WORK TO BE COMPLETED:
Your reply should consist of the entries, copied exactly and stripped of images.

RECORDS FOR THE TASK:
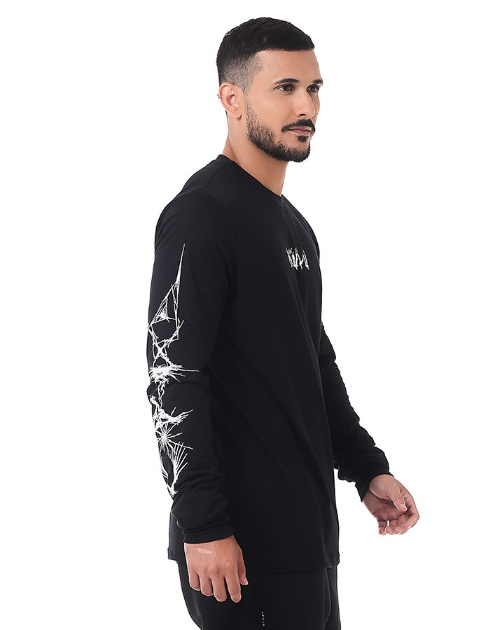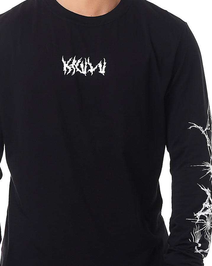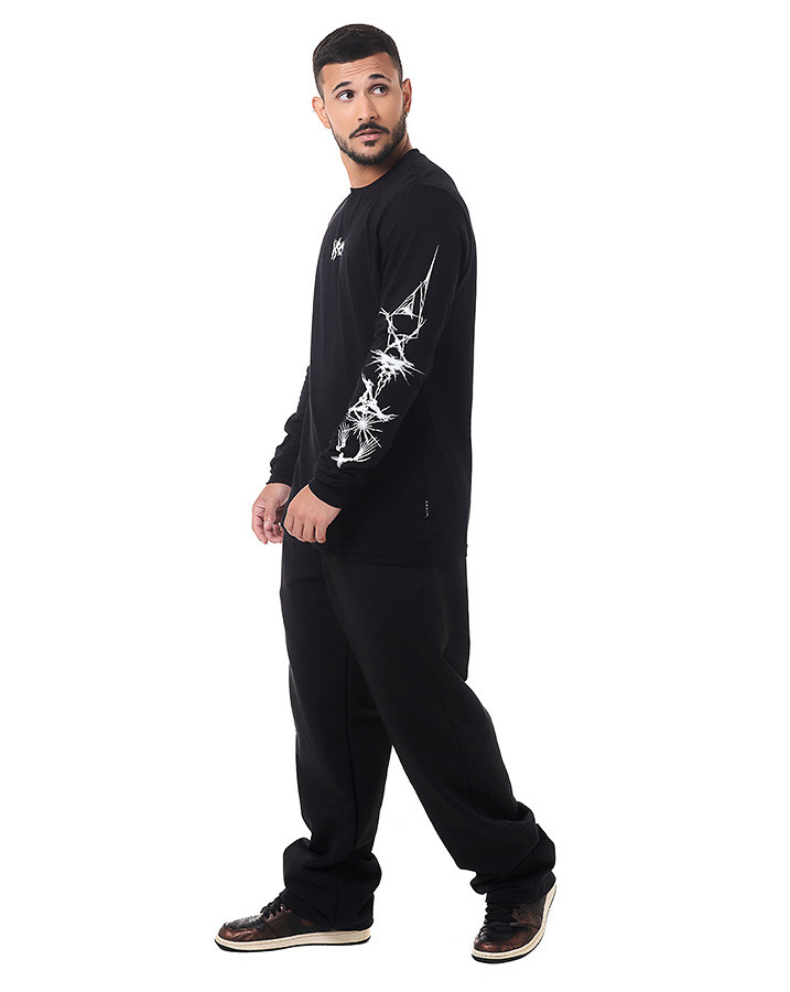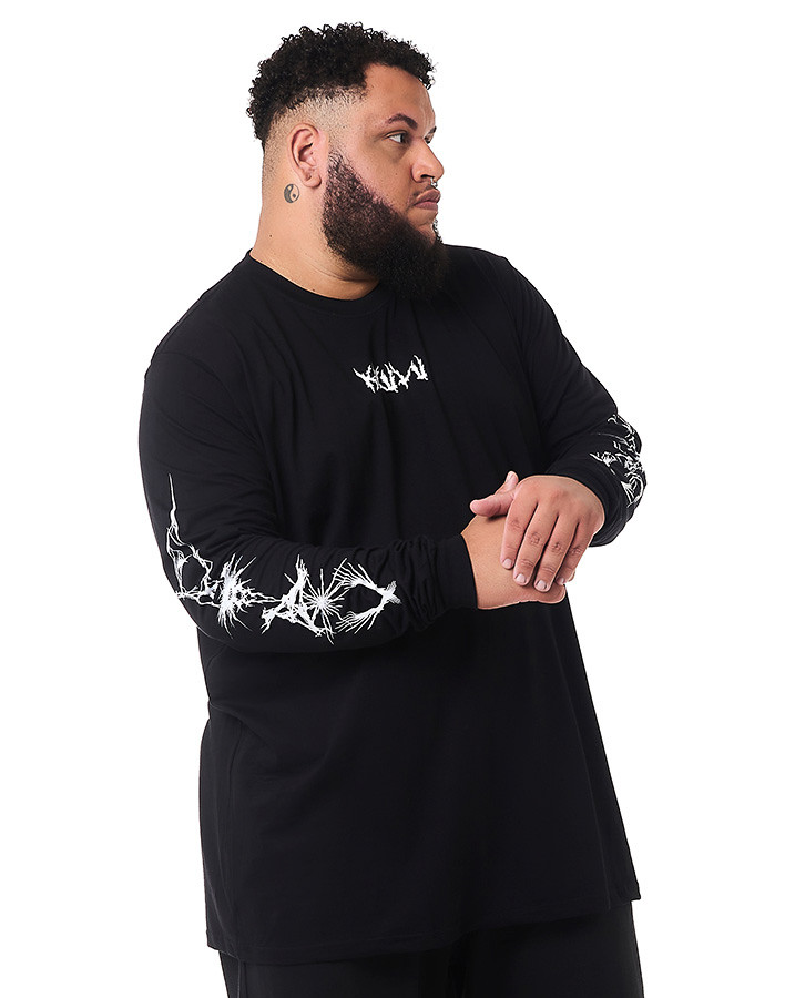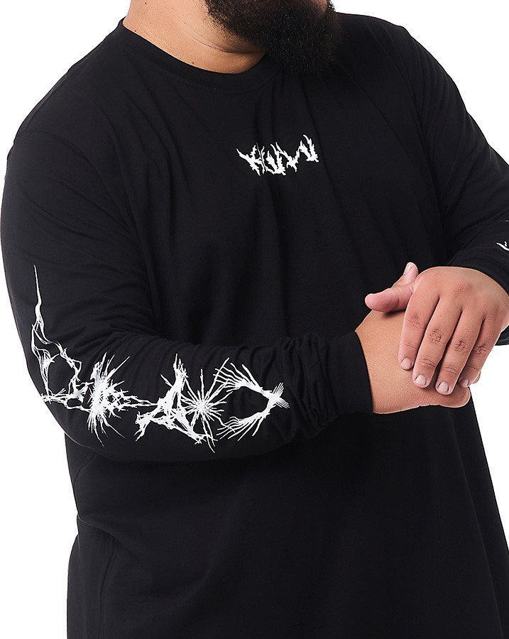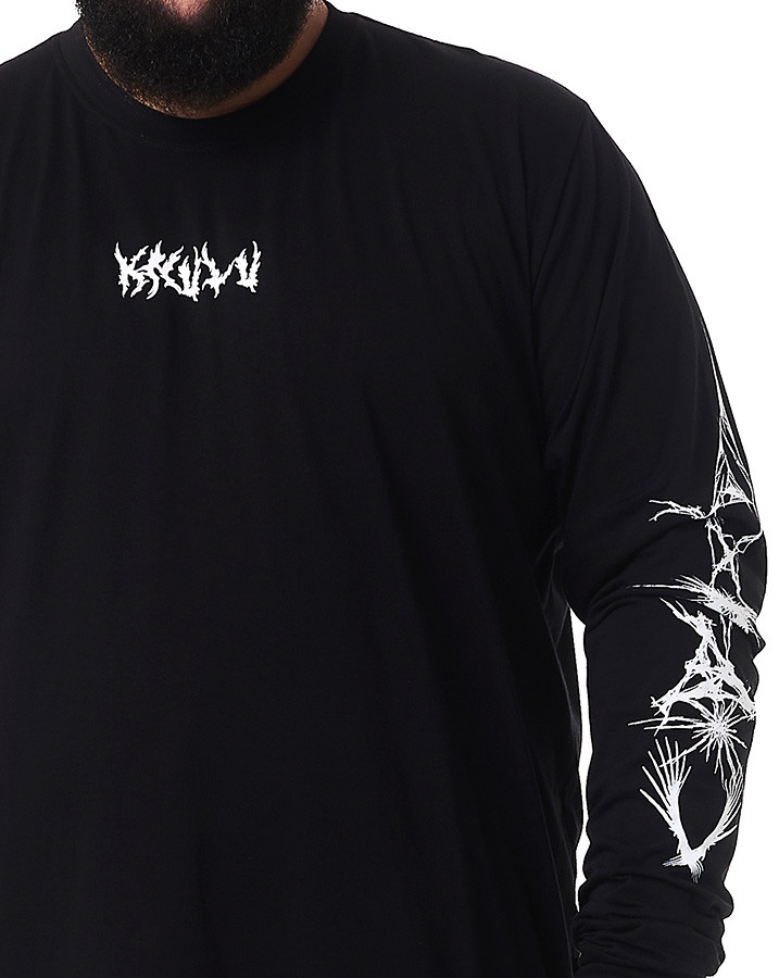 Destacando-se na frente, a estampa em silk screen em branco apresenta um knulu estilizado, adicionando um toque de personalidade ao visual. Nas mangas, linhas abstratas que lembram várias teias criam um visual único e intrigante. Nas costas, um silk de um castelo em um morro com pássaros no fundo e uma gárgula no canto direito acrescenta um toque de mistério e sofisticação.
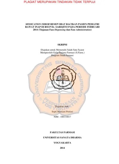 Studi kasus medication errors di ruang rawat inap rsi ngk satifah elfiansih, qurrotul aini, sabtanti harimurti program studi manajemen rumah sakit, .
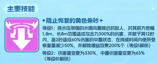 瑞贝卡的主动技能效果是阻止恢复的黄色朱砂,在使用的情况下可以将手中水压很强的一个水枪喷向最接近他的一名敌人,对前方的敌人来说,瑞贝卡可以造成的范围攻击当中带有的是300%的伤害,并且在此时还可以在技能生效的12秒之内,每2秒的时间当中就触发一次60%的伤害,这类效果就是根据中毒状态进行触发的,所以在持续中毒的期间之内,她所受到的回复量也会减少50%,此次给敌人增加这类减益之后,还会解除掉敌人身上的增益效果,不过在这里解除增益的百分比是只能达到200%的数值,相比较于其他的技能效果来说,她的这个技能用起来的话能力比较多,可能后期要搭配连招的话会有一定的复杂效果。
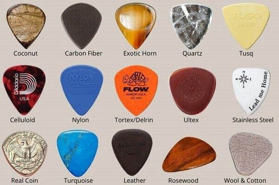ส่วนมากปิ๊กที่เห็นตามท้องตลาดจะทำจากพลาสติก แต่เนื้อพลาสกติกแต่ละประเภทย่อมแตกต่างกันไปทั้งเซลลูลอยด์ ไนล่อน และคาร์บอนไฟเบอร์ ซึ่งรุ่นที่นิยมใช้กันมากทั่วโลกจะเป็นแบบคาร์บอนไฟเบอร์ขนาด 1.0 ของ Dunlop ซึ่งปิ๊กที่ทำจากคาร์บอนไฟเบอร์จะแข็งกว่าพลาสติกชนิดอื่นๆ ทำให้ปิ๊กชนิดนี้เข้ากับแนวเพลงค่อนข้างมากและใช้กับกีต้าร์ไฟฟ้าได้ดี มือกีต้าร์ที่เล่นแนวไฟฟ้าจึงค่อนข้างนิยมเพราะสามารถโซโล่ก็ได้ ตีพาวเวอร์คอร์ดก็แน่น แต่หากเป็นสายกีต้าร์โปร่งจะเน้นแบบปิ๊กไนล่อนที่ให้ความนุ่มนวลของเสียง ข้อเสียของปิ๊กแบบไนล่อนคือเสียงที่ออกมาจะค่อนข้างเบาแต่ให้ความต่อเนื่องของเสียงดี นอกจากนี้ยังมีปิ๊กที่ทำจากวัสดุอื่นๆ เช่น เหล็ก หรือ กระดูก แต่ไม่ค่อยได้รับความนิยมมากนักเพราะแข็งมากจึงทำให้สายกีต้าร์เสื่อมหรือขาดง่าย
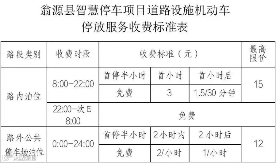 ►最高限价一天内(当日0:00-24:00),同一车次同一泊位最高收费限额如下:路内泊位一天内最高收费标准为15元,路外公共停车场泊位一天内最高收费标准为12元。
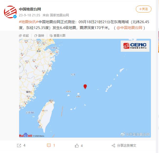 中國地震臺網正式測定:09月18日21時21分在東海海域(北緯26.45度,東經125.35度)發(fā)生6.4級地震,震源深度170千米。
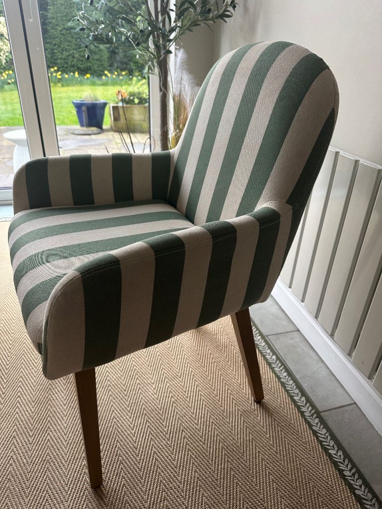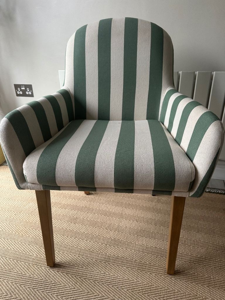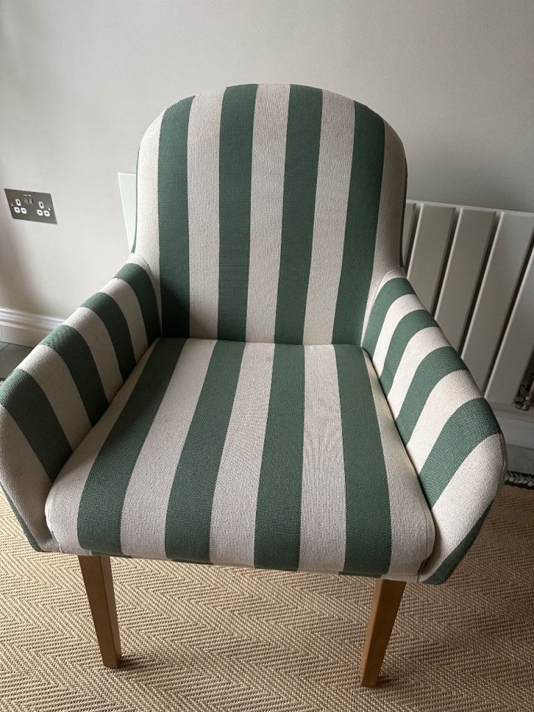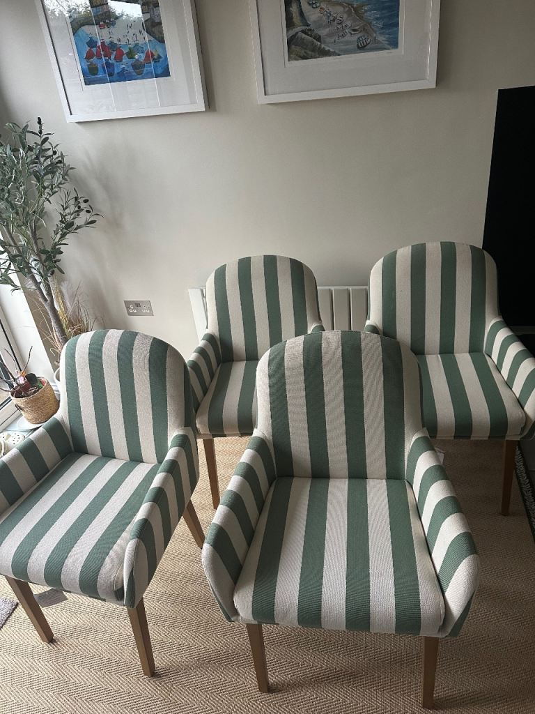 Posting for 4+ years4 Dining Chairs Dunelm Agnes Carver Olive Green Striped Fabric
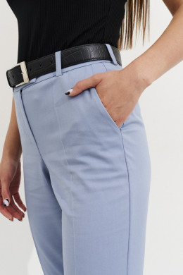 Брюки женские из поливискозной ткани для повседневной носки. Брюки чуть заужены к низу. Верхний срез брюк обработан притачным поясом с застежкой на одну обметанную петлю и одну пуговицу, так же имеется застежка на тесьму молнию в среднем шве брюк. В брюках имеются шлевки, что дает возможность носить их по ремень. Задняя часть брюк имеет две талиевые вытачки и два прорезных кармана в рамку с двумя обтачками. В боковом шве имеется карман с подкройным бочком. Стильные брючки, которые отлично будут подходить и сидеть на любой фигуре. В данных брюках вы будете очаровывать всех своим прекрасным видом.
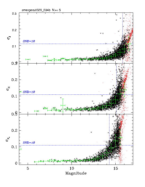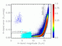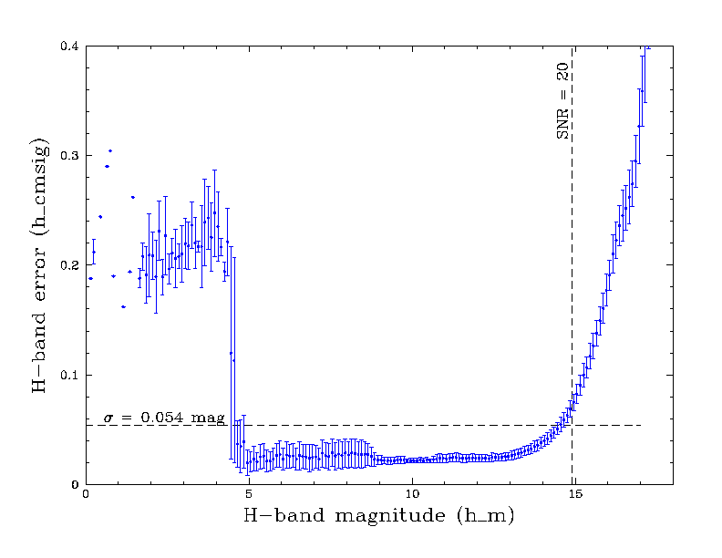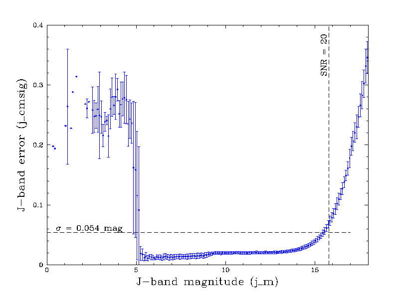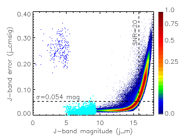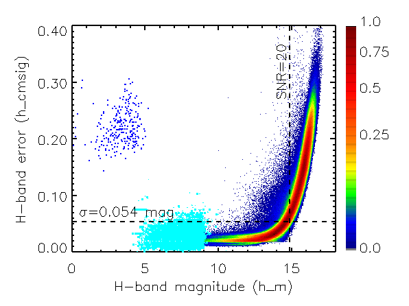 Figures 2--7 show [jhk]_cmsig as a function of magnitude for a representative region of the Point Source Catalog. The 1.9 million points shown are unconfused point sources lying within 15° of the North and South Galactic Poles. In Figures 2, 3, and 4, photometry (via profile fits) of unsaturated rd_flg='2' stars is shown by a multi-color density plot, and photometry (via aperture measures) of unsaturated rd_flg='1' stars is shown by light blue dots. (Extremely bright stars, known as rd_flg='3' sources, are saturated even in the short Read_1 exposures, and are shown by the dark blue points in Figure 2. Although of much lower precision, these "bonus" observations are provided for completeness and are not subject to the Level-1 specifications.) In Figures 5, 6, and 7, blue dots show the trimmed averages of the resulting [jhk]_cmsig values at each 0.1-mag bin. The figures demonstrate that, for rd_flg='1' and rd_flg='2' stars with SNR levels much higher than 20, the photometric precision meets the 5% (0.054 mag) requirement.
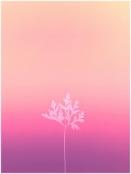 Minimalist silhouette of a plant against a pink and purple gradient background.
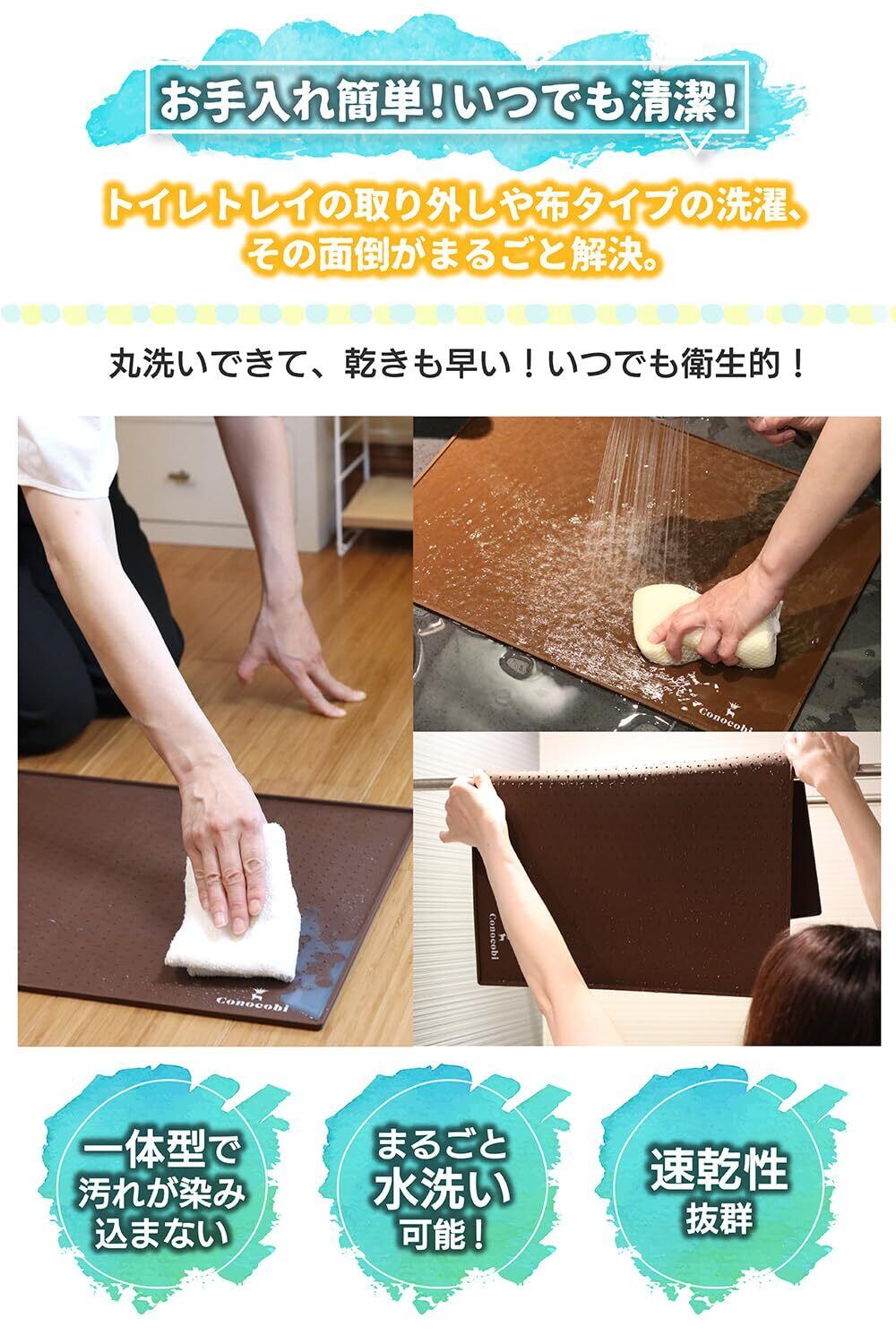 【丸洗いできるから清潔】一体型シリコントイレマットだから汚れが染み込まず、サッと洗えて汚れが染み込まない!ペットトイレや犬トイレトレーとして長くご愛用いただけます。洗った後もすぐ乾くため、愛犬トイレトレーとして使用する際も衛生的。犬トイレトレーとしてはもちろん、猫のトイレトレーとしても清潔を維持できるペット用シリコントイレマットです。

EXPECTED ANSWER:
 Destacando-se na frente, a estampa em silk screen em branco apresenta um knulu estilizado, adicionando um toque de personalidade ao visual. Nas mangas, linhas abstratas que lembram várias teias criam um visual único e intrigante. Nas costas, um silk de um castelo em um morro com pássaros no fundo e uma gárgula no canto direito acrescenta um toque de mistério e sofisticação.
 Studi kasus medication errors di ruang rawat inap rsi ngk satifah elfiansih, qurrotul aini, sabtanti harimurti program studi manajemen rumah sakit, .
 瑞贝卡的主动技能效果是阻止恢复的黄色朱砂,在使用的情况下可以将手中水压很强的一个水枪喷向最接近他的一名敌人,对前方的敌人来说,瑞贝卡可以造成的范围攻击当中带有的是300%的伤害,并且在此时还可以在技能生效的12秒之内,每2秒的时间当中就触发一次60%的伤害,这类效果就是根据中毒状态进行触发的,所以在持续中毒的期间之内,她所受到的回复量也会减少50%,此次给敌人增加这类减益之后,还会解除掉敌人身上的增益效果,不过在这里解除增益的百分比是只能达到200%的数值,相比较于其他的技能效果来说,她的这个技能用起来的话能力比较多,可能后期要搭配连招的话会有一定的复杂效果。
ส่วนมากปิ๊กที่เห็นตามท้องตลาดจะทำจากพลาสติก แต่เนื้อพลาสกติกแต่ละประเภทย่อมแตกต่างกันไปทั้งเซลลูลอยด์ ไนล่อน และคาร์บอนไฟเบอร์ ซึ่งรุ่นที่นิยมใช้กันมากทั่วโลกจะเป็นแบบคาร์บอนไฟเบอร์ขนาด 1.0 ของ Dunlop ซึ่งปิ๊กที่ทำจากคาร์บอนไฟเบอร์จะแข็งกว่าพลาสติกชนิดอื่นๆ ทำให้ปิ๊กชนิดนี้เข้ากับแนวเพลงค่อนข้างมากและใช้กับกีต้าร์ไฟฟ้าได้ดี มือกีต้าร์ที่เล่นแนวไฟฟ้าจึงค่อนข้างนิยมเพราะสามารถโซโล่ก็ได้ ตีพาวเวอร์คอร์ดก็แน่น แต่หากเป็นสายกีต้าร์โปร่งจะเน้นแบบปิ๊กไนล่อนที่ให้ความนุ่มนวลของเสียง ข้อเสียของปิ๊กแบบไนล่อนคือเสียงที่ออกมาจะค่อนข้างเบาแต่ให้ความต่อเนื่องของเสียงดี นอกจากนี้ยังมีปิ๊กที่ทำจากวัสดุอื่นๆ เช่น เหล็ก หรือ กระดูก แต่ไม่ค่อยได้รับความนิยมมากนักเพราะแข็งมากจึงทำให้สายกีต้าร์เสื่อมหรือขาดง่าย
 ►最高限价一天内(当日0:00-24:00),同一车次同一泊位最高收费限额如下:路内泊位一天内最高收费标准为15元,路外公共停车场泊位一天内最高收费标准为12元。
 中國地震臺網正式測定:09月18日21時21分在東海海域(北緯26.45度,東經125.35度)發(fā)生6.4級地震,震源深度170千米。
 Posting for 4+ years4 Dining Chairs Dunelm Agnes Carver Olive Green Striped Fabric
 Брюки женские из поливискозной ткани для повседневной носки. Брюки чуть заужены к низу. Верхний срез брюк обработан притачным поясом с застежкой на одну обметанную петлю и одну пуговицу, так же имеется застежка на тесьму молнию в среднем шве брюк. В брюках имеются шлевки, что дает возможность носить их по ремень. Задняя часть брюк имеет две талиевые вытачки и два прорезных кармана в рамку с двумя обтачками. В боковом шве имеется карман с подкройным бочком. Стильные брючки, которые отлично будут подходить и сидеть на любой фигуре. В данных брюках вы будете очаровывать всех своим прекрасным видом.
 Figures 2--7 show [jhk]_cmsig as a function of magnitude for a representative region of the Point Source Catalog. The 1.9 million points shown are unconfused point sources lying within 15° of the North and South Galactic Poles. In Figures 2, 3, and 4, photometry (via profile fits) of unsaturated rd_flg='2' stars is shown by a multi-color density plot, and photometry (via aperture measures) of unsaturated rd_flg='1' stars is shown by light blue dots. (Extremely bright stars, known as rd_flg='3' sources, are saturated even in the short Read_1 exposures, and are shown by the dark blue points in Figure 2. Although of much lower precision, these "bonus" observations are provided for completeness and are not subject to the Level-1 specifications.) In Figures 5, 6, and 7, blue dots show the trimmed averages of the resulting [jhk]_cmsig values at each 0.1-mag bin. The figures demonstrate that, for rd_flg='1' and rd_flg='2' stars with SNR levels much higher than 20, the photometric precision meets the 5% (0.054 mag) requirement.
 Minimalist silhouette of a plant against a pink and purple gradient background.
 【丸洗いできるから清潔】一体型シリコントイレマットだから汚れが染み込まず、サッと洗えて汚れが染み込まない!ペットトイレや犬トイレトレーとして長くご愛用いただけます。洗った後もすぐ乾くため、愛犬トイレトレーとして使用する際も衛生的。犬トイレトレーとしてはもちろん、猫のトイレトレーとしても清潔を維持できるペット用シリコントイレマットです。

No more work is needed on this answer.